■ **Task to carry out**
Using the listing below, give again exactly the lines from the line with "Following successful implementation" to the line with "True Father visits", inclusive, without the pictures.

■ **Supplied material**

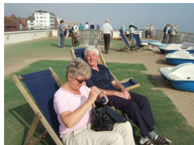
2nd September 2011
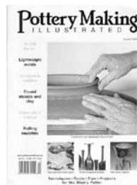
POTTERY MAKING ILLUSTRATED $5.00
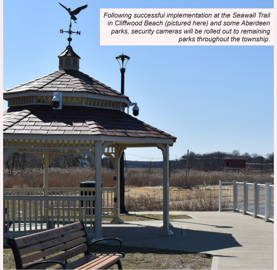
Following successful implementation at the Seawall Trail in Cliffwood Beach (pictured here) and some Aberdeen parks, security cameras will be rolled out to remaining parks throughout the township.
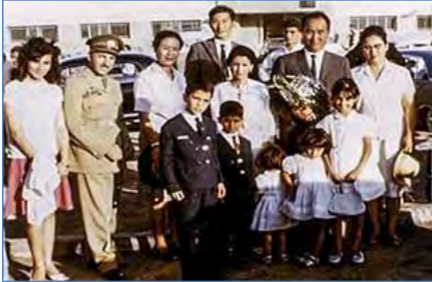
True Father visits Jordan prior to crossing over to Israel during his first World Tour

--

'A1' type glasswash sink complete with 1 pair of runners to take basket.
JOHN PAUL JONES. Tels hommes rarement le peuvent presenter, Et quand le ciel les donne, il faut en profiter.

■ **Exercise output**
Following successful implementation at the Seawall Trail in Cliffwood Beach (pictured here) and some Aberdeen parks, security cameras will be rolled out to remaining parks throughout the township.
True Father visits Jordan prior to crossing over to Israel during his first World Tour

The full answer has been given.